_What the task requires_: Of the records that follow, copy only the lines from the line containing "По информации полиции, грузовик" to the line containing "Women's Vintage Floral", both included, exactly as written.

_Data section_:
□ □ □

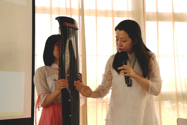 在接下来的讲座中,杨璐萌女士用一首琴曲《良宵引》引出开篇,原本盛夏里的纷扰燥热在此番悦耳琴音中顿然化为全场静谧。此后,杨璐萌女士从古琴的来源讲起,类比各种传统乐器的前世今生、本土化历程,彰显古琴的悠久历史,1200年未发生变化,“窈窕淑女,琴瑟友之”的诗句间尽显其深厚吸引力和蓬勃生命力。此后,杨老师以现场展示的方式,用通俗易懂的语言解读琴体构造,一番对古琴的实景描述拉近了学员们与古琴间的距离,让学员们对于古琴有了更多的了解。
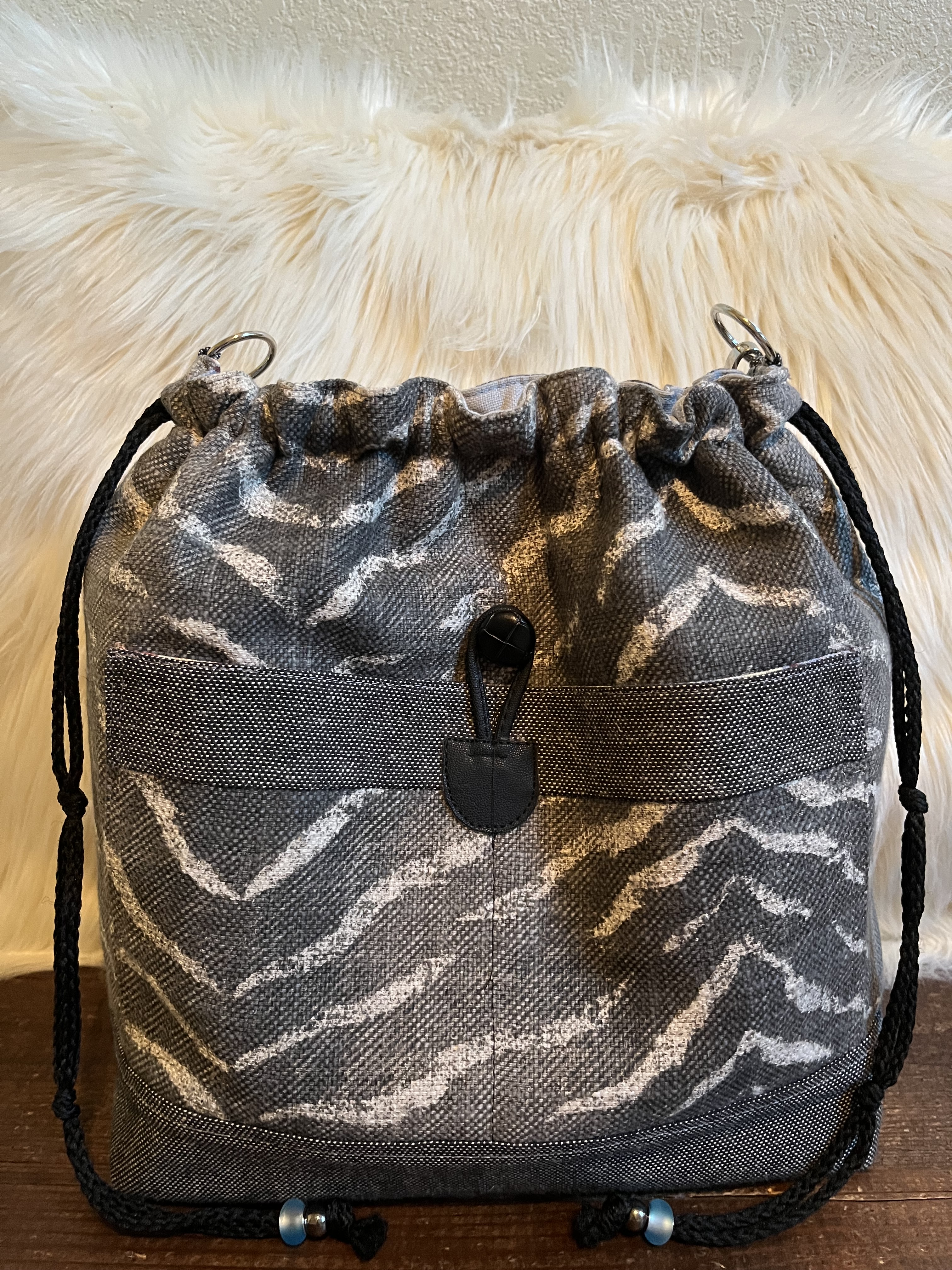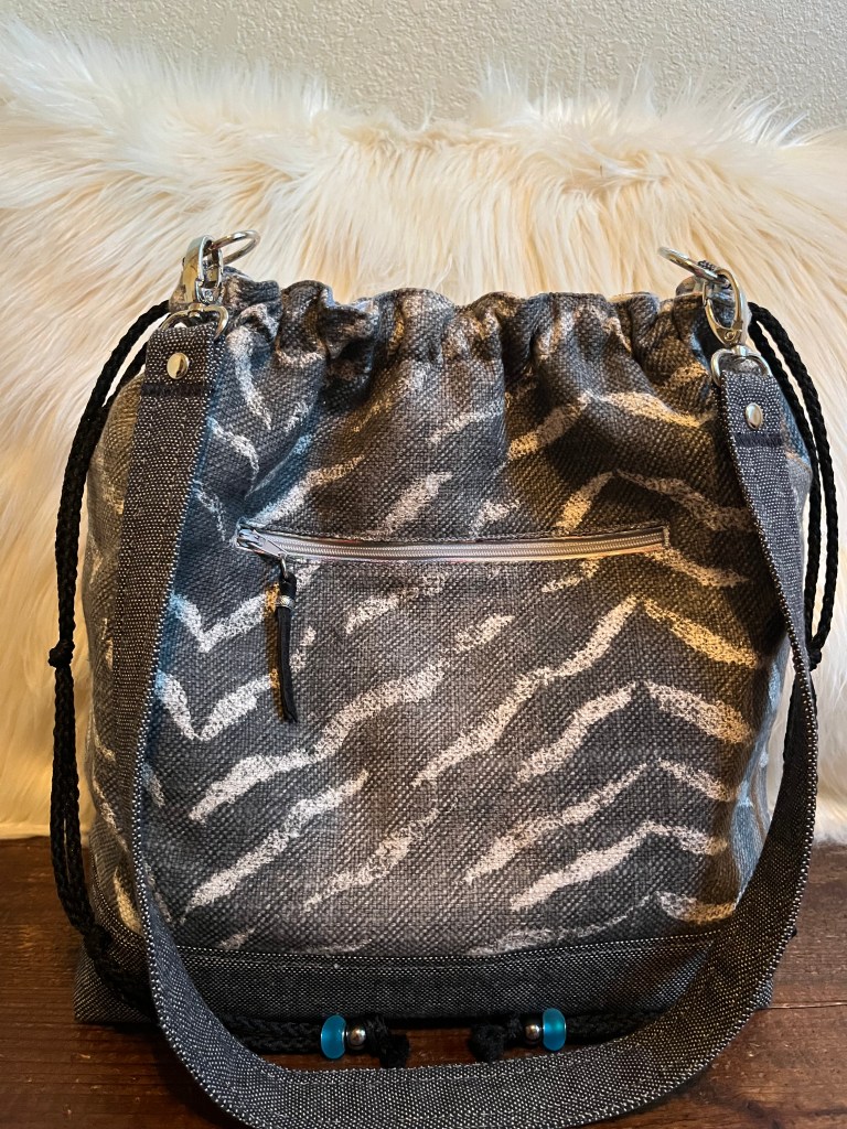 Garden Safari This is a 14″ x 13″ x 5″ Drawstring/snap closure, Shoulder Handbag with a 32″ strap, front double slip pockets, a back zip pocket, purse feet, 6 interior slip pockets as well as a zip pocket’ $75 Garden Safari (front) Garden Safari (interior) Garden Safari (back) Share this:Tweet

□ □ □

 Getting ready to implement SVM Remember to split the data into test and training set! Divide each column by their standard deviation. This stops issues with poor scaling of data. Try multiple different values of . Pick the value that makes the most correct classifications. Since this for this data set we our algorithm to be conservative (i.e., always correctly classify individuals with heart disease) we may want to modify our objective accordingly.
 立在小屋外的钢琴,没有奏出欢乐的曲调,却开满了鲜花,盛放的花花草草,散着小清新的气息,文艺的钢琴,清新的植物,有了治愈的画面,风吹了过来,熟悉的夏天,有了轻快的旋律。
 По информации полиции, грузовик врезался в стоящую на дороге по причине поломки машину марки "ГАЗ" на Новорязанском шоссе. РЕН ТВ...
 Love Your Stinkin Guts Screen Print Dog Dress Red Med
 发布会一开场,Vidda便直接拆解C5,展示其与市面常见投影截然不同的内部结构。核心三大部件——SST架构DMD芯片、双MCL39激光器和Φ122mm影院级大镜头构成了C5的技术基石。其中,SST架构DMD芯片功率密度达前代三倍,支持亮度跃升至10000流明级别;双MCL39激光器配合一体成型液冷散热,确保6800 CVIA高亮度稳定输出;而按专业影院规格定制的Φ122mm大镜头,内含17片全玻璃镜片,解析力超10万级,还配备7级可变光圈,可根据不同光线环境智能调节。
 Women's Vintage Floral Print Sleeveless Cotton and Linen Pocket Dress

□ □ □

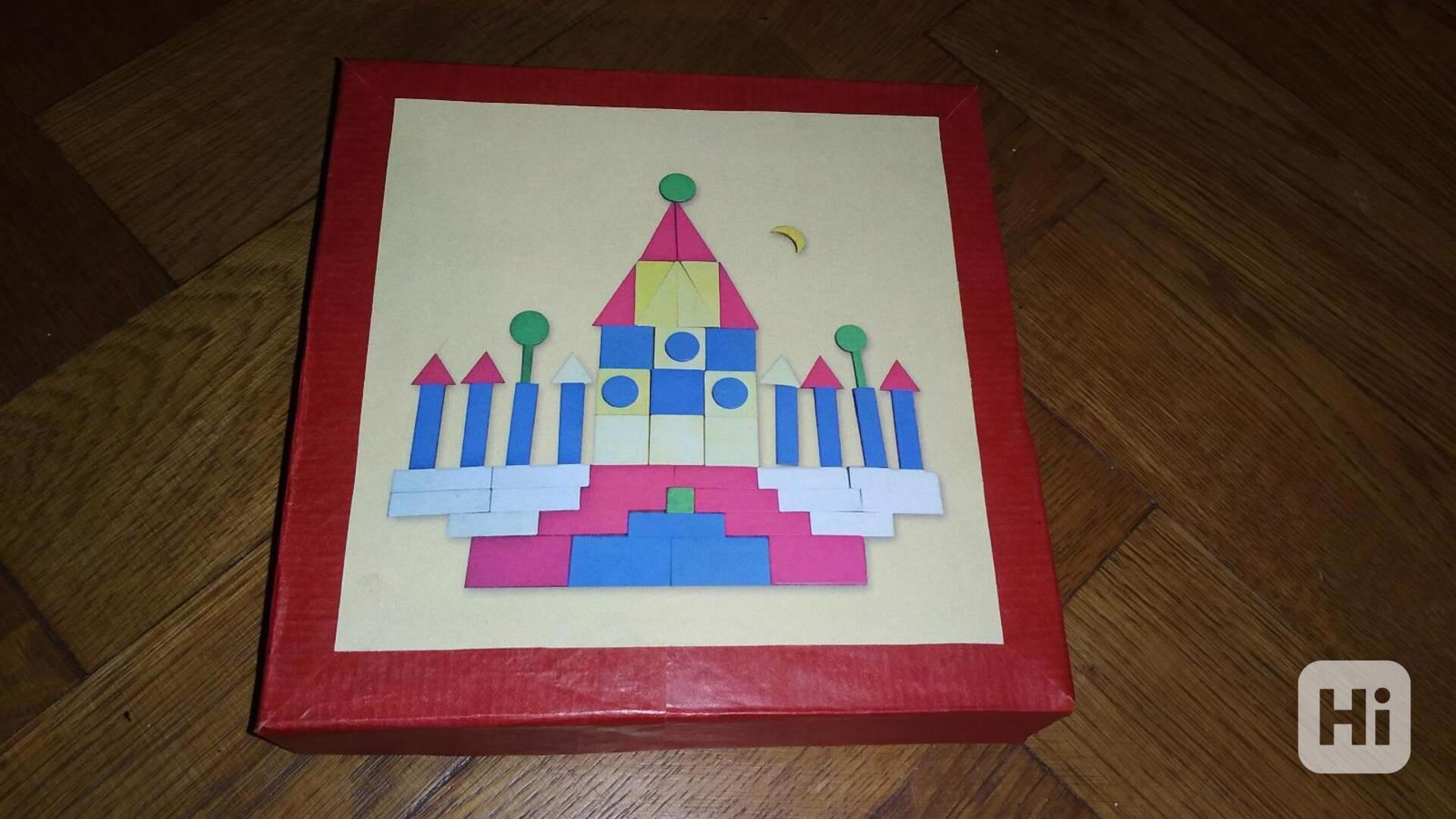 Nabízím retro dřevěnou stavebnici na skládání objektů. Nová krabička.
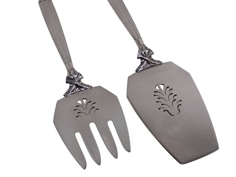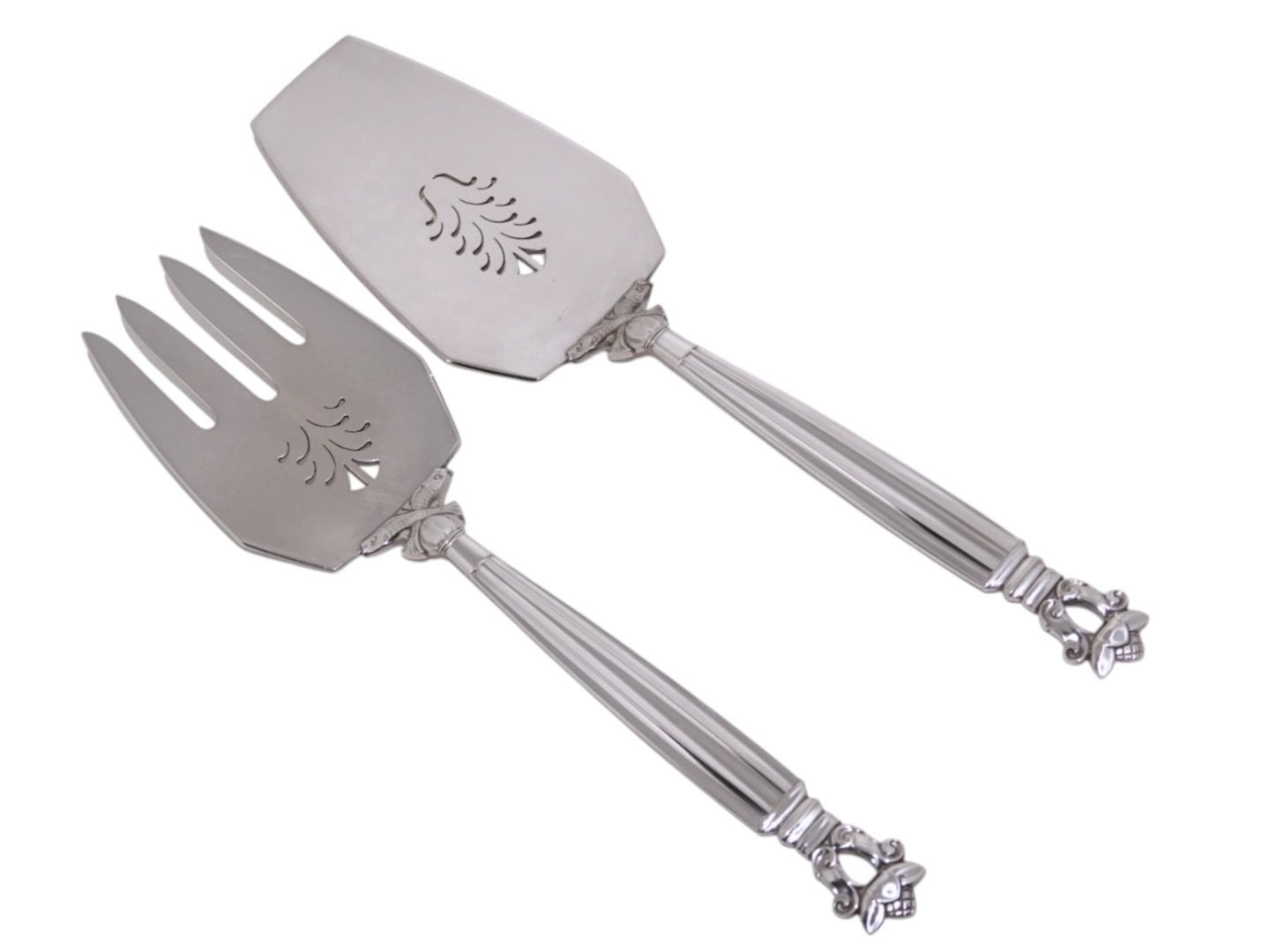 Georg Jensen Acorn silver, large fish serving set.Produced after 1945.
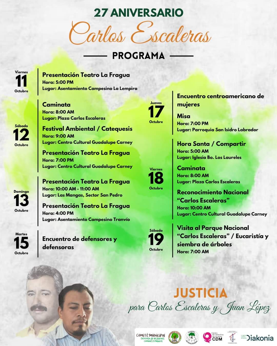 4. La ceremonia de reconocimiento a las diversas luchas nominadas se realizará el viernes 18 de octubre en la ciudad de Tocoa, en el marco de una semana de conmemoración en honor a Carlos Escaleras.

□ □ □

_Solution to this task_:
 По информации полиции, грузовик врезался в стоящую на дороге по причине поломки машину марки "ГАЗ" на Новорязанском шоссе. РЕН ТВ...
 Love Your Stinkin Guts Screen Print Dog Dress Red Med
 发布会一开场,Vidda便直接拆解C5,展示其与市面常见投影截然不同的内部结构。核心三大部件——SST架构DMD芯片、双MCL39激光器和Φ122mm影院级大镜头构成了C5的技术基石。其中,SST架构DMD芯片功率密度达前代三倍,支持亮度跃升至10000流明级别;双MCL39激光器配合一体成型液冷散热,确保6800 CVIA高亮度稳定输出;而按专业影院规格定制的Φ122mm大镜头,内含17片全玻璃镜片,解析力超10万级,还配备7级可变光圈,可根据不同光线环境智能调节。
 Women's Vintage Floral Print Sleeveless Cotton and Linen Pocket Dress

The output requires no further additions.